* PROBLEM REQUIREMENTS
Copy the lines below exactly, starting at the one with "Simple mais tendance, cette" and ending at the one with "创意家居摆件国际象棋树脂摆件橱窗家居装饰品黑色白色棋子摆设", and leave out any picture.

··· EXERCISE MATERIAL ···

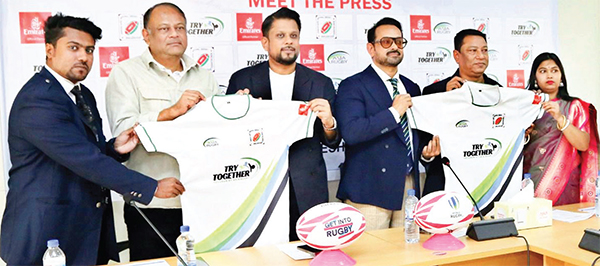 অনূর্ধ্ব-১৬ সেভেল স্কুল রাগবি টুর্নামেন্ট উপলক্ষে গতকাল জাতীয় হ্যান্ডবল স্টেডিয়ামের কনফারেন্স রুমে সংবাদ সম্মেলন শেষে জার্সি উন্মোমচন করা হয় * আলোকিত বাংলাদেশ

···
··· EXERCISE MATERIAL ···

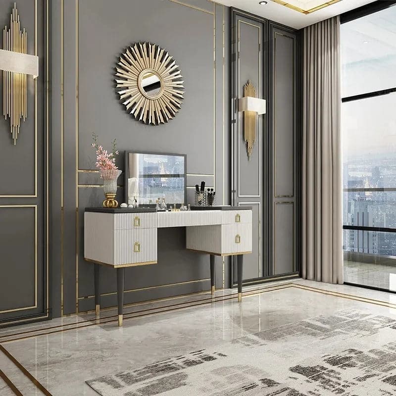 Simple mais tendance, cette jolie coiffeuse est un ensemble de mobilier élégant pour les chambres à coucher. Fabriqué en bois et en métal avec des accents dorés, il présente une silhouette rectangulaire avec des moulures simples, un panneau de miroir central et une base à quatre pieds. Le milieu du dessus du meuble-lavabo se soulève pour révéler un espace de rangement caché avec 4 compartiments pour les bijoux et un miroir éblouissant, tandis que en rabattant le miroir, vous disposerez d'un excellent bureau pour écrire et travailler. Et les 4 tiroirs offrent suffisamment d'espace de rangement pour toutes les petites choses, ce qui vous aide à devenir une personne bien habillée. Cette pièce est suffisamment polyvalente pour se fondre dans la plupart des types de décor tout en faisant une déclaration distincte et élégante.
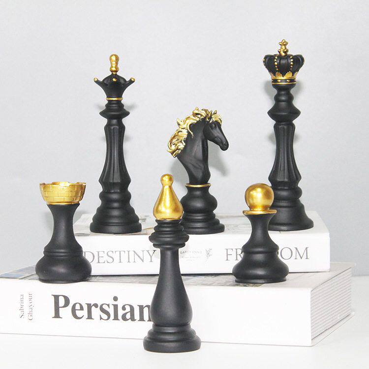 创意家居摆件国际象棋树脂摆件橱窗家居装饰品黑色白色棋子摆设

···
··· EXERCISE MATERIAL ···

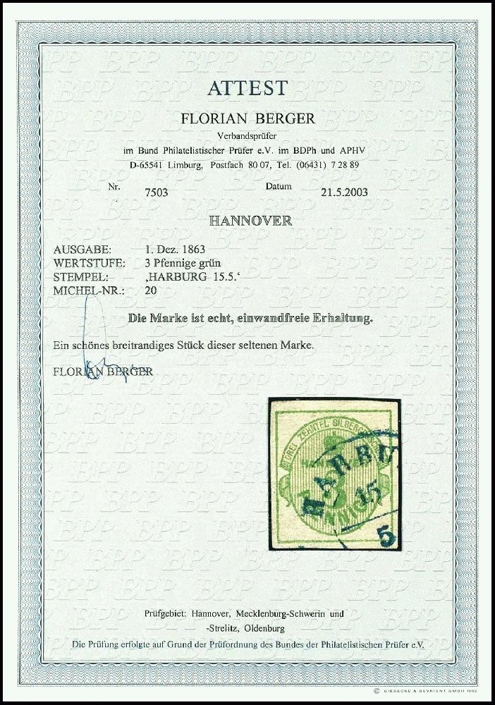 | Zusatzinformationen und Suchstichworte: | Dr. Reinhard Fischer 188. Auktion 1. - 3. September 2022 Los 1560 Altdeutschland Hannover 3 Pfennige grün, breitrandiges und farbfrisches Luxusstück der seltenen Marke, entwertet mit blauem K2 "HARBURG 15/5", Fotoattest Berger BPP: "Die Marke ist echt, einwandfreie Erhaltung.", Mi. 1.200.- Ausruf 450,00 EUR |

···

* EXERCISE RESPONSE
 Simple mais tendance, cette jolie coiffeuse est un ensemble de mobilier élégant pour les chambres à coucher. Fabriqué en bois et en métal avec des accents dorés, il présente une silhouette rectangulaire avec des moulures simples, un panneau de miroir central et une base à quatre pieds. Le milieu du dessus du meuble-lavabo se soulève pour révéler un espace de rangement caché avec 4 compartiments pour les bijoux et un miroir éblouissant, tandis que en rabattant le miroir, vous disposerez d'un excellent bureau pour écrire et travailler. Et les 4 tiroirs offrent suffisamment d'espace de rangement pour toutes les petites choses, ce qui vous aide à devenir une personne bien habillée. Cette pièce est suffisamment polyvalente pour se fondre dans la plupart des types de décor tout en faisant une déclaration distincte et élégante.
 创意家居摆件国际象棋树脂摆件橱窗家居装饰品黑色白色棋子摆设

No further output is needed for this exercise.